Non-Functional Requirements
Wikipedia defines Non-Functional Requirements as "requirements that specify criteria that can be used to judge the operation of a system, rather than specific behaviors"[6]. Unfortunately, there is no consensus in the scientific community for a non-functional requirements definition. Martin Glinz [7] has defined a taxonomy to identify a non-functional requirement. In particular, a non-functional requirement can be:
- An attribute is a performance requirement or a specific quality requirement;
- A performance requirement is a requirement that pertains to a performance concern;
- A specific quality requirement is a requirement that pertains to a quality concern other than the quality of meeting the functional requirements.
- A constraint is a requirement that constrains the solution space beyond what is necessary for meeting the given functional, performance, and specific quality requirements.
Under the above mentioned definition and the taxonomy fall:
- High Availability (HA) is a characteristic of a system, which aims to ensure an agreed level of operational performance, usually uptime, for a higher than normal period. [8]
- Eventual Consistency is a consistency model used in distributed computing to achieve high availability that informally guarantees that, if no new updates are made to a given data item, eventually all accesses to that item will return the last updated value [9]
- Horizontal Scalability. Scalability is the capability of a system, network, or process to handle a growing amount of work, or its potential to be enlarged to accommodate that growth. [10]. To scale horizontally (or scale out/in) means to add more nodes to (or remove nodes from) a system, such as adding a new computer to a distributed software application.
- Multi-Tenancy, i.e. a single instance of the technology should be able to serve many “independent” contexts (between the same Application Domain) [11];
- EUPL licence compatibility of all its components.
Architecture
The constituent components are:
- Facet Based Resource Model
- Information System Resource Registry
- Backend Database (i.e. OrientDB as Graph Database)
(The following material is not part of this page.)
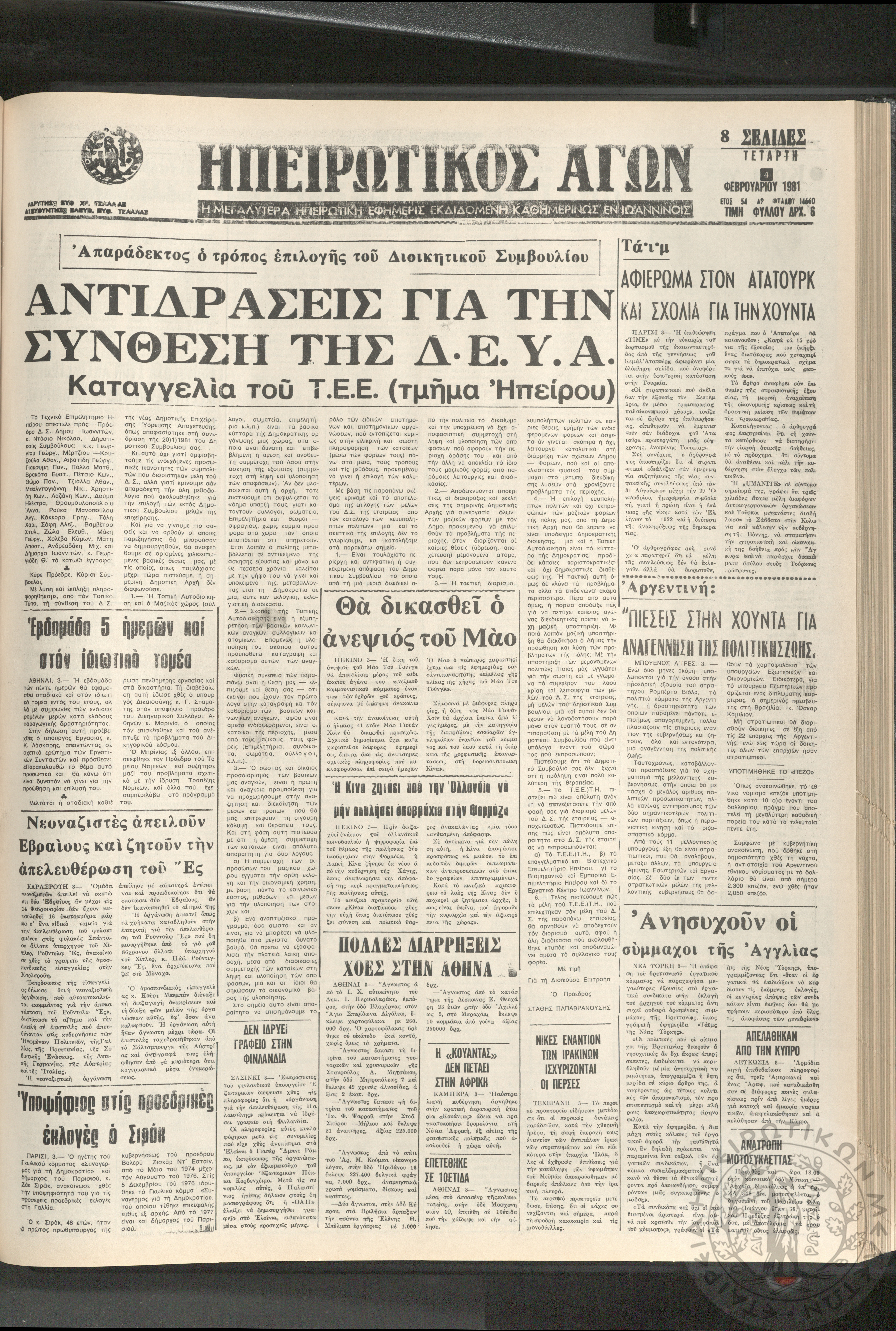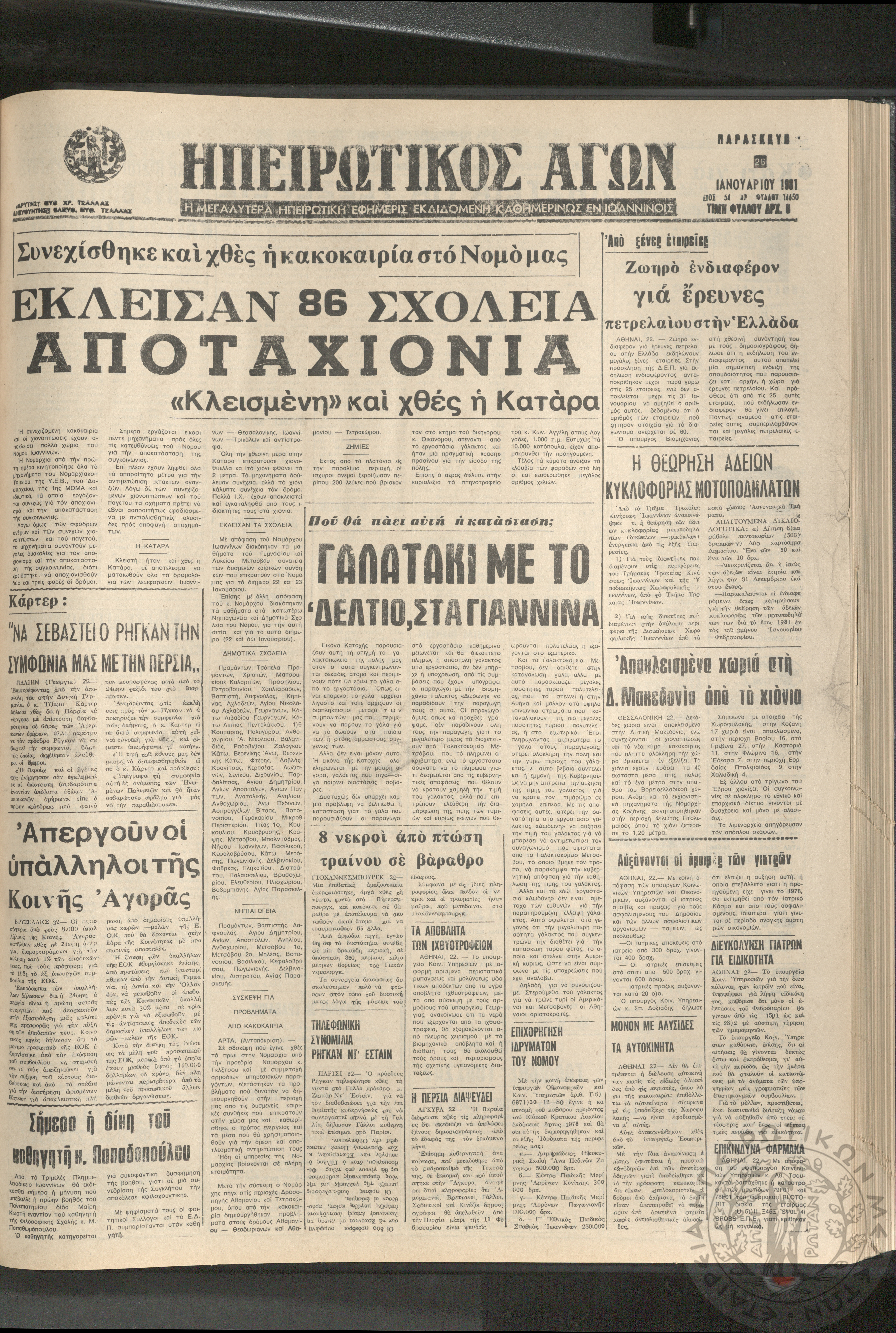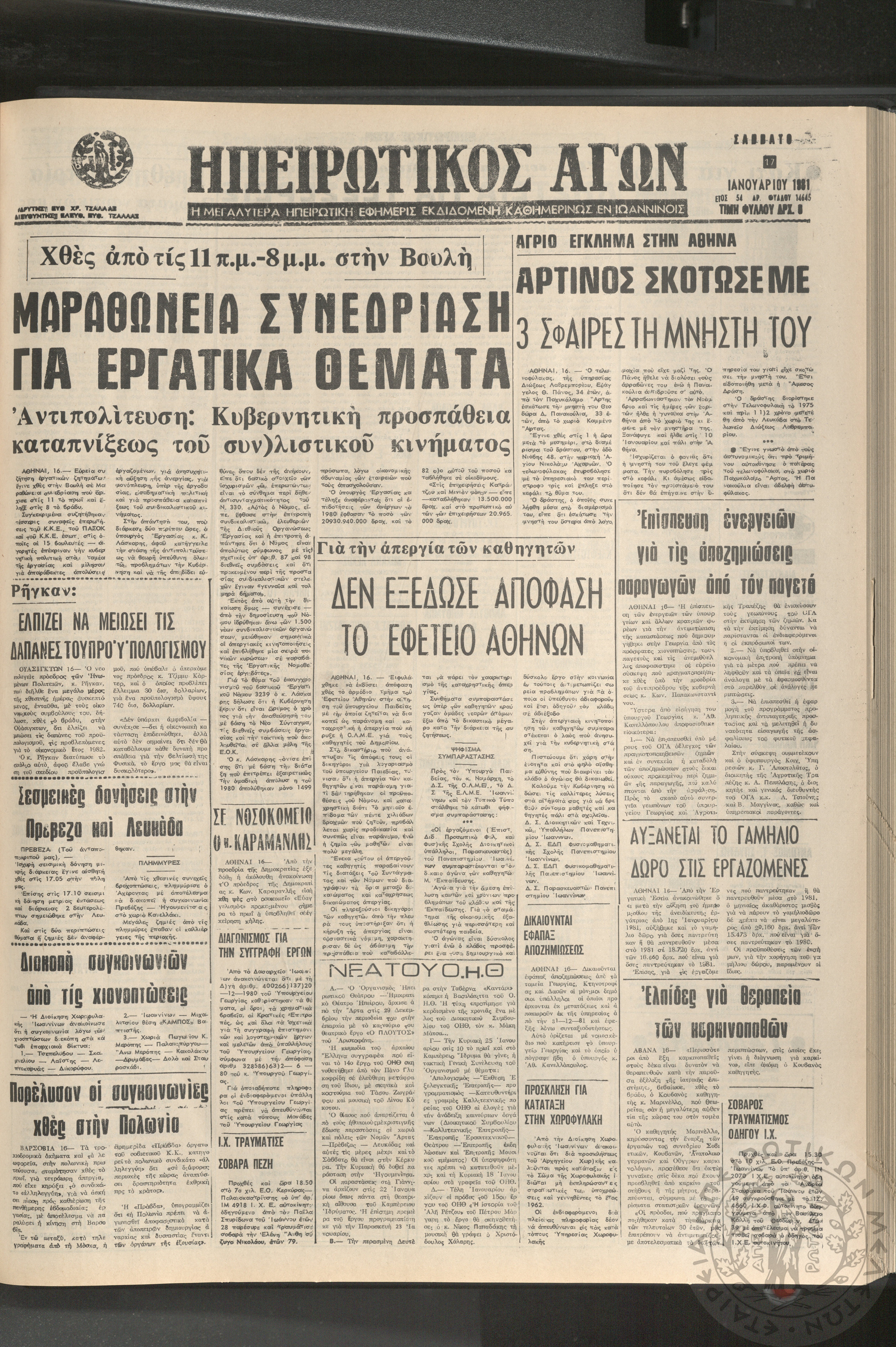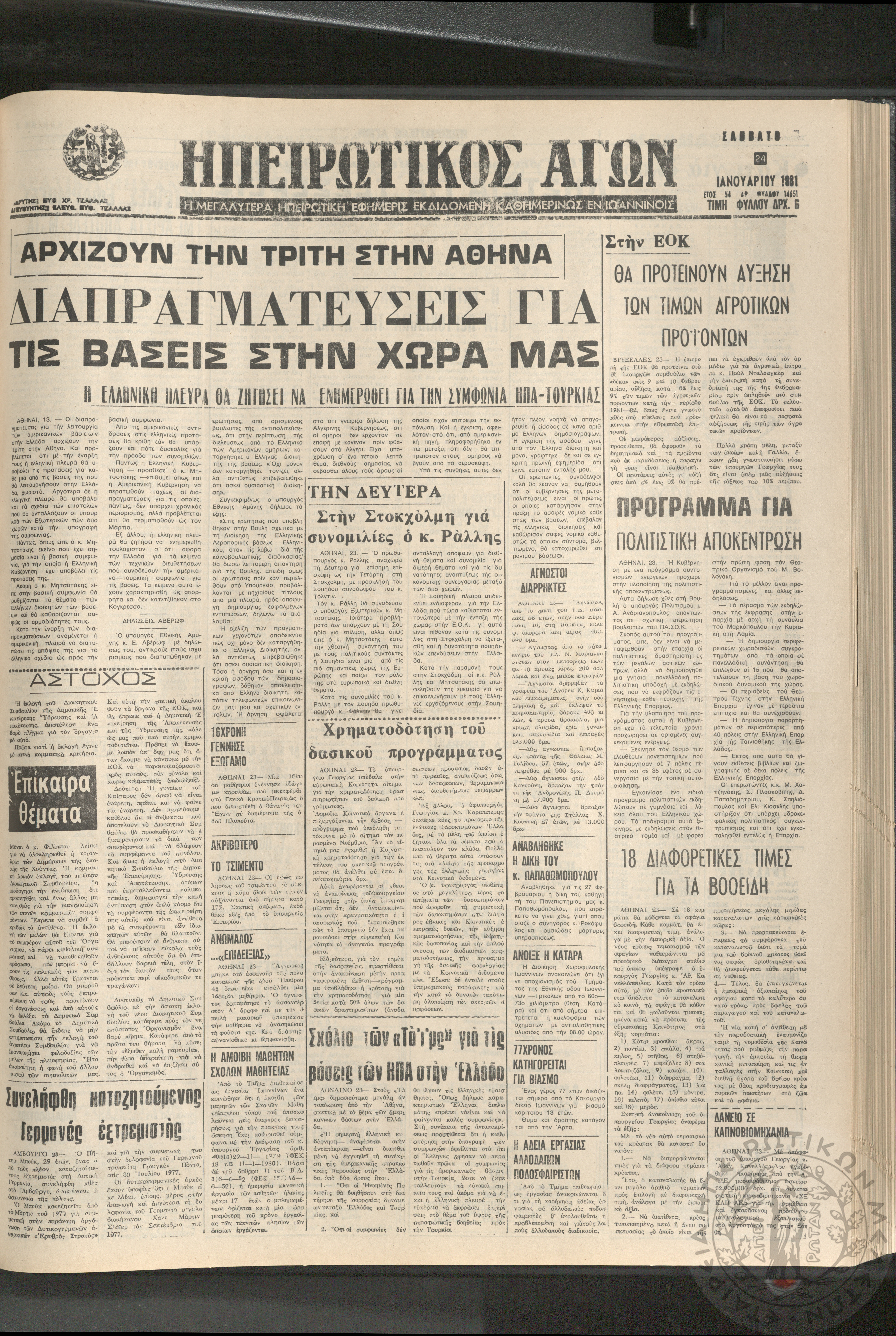 Ηπειρωτικός Αγών: η μεγαλυτέρα Ηπειρωτική εφημερίς εκδιδόμενη καθημερινώς εν Ιωαννίνοις, 1980, φ. 14331Έτος 53, φ. 14331...

- Information System Subscription Notification Service
Notes
- ↑ The term ‘research infrastructures’ refers to facilities, resources and related services used by the scientific community to conduct top-level research in their respective fields, ranging from social sciences to astronomy, genomics to nanotechnologies https://ec.europa.eu/research/infrastructures/index_en.cfm?pg=about
- ↑ IEEE (1990). Standard Glossary of Software Engineer ing Terminology. IEEE Standard 610.12-1990.
- ↑ https://en.wikipedia.org/wiki/Referential_integrity
- ↑ https://docs.microsoft.com/en-us/dotnet/framework/data/adonet/referential-integrity-constraint
- ↑ Patrick Th. Eugster, Pascal A. Felber, Rachid Guerraoui, and Anne-Marie Kermarrec. 2003. The many faces of publish/subscribe. ACM Comput. Surv. 35, 2 (June 2003), 114-131. DOI=http://dx.doi.org/10.1145/857076.857078
- ↑ https://en.wikipedia.org/wiki/Non-functional_requirement
- ↑ M. Glinz. On non-functional requirements. In Proc. 15th IEEE Int. Requirements Eng. Conf., 2007.
- ↑ https://en.wikipedia.org/wiki/High_availability
- ↑ Werner Vogels. 2009. Eventually consistent. Commun. ACM 52, 1 (January 2009), 40-44. DOI: https://doi.org/10.1145/1435417.1435432
- ↑ André B. Bondi. 2000. Characteristics of scalability and their impact on performance. In Proceedings of the 2nd international workshop on Software and performance (WOSP '00). ACM, New York, NY, USA, 195-203. DOI=http://dx.doi.org/10.1145/350391.350432
- ↑ Please note that different Application domain must be managed by completely separated instances of the whole IS.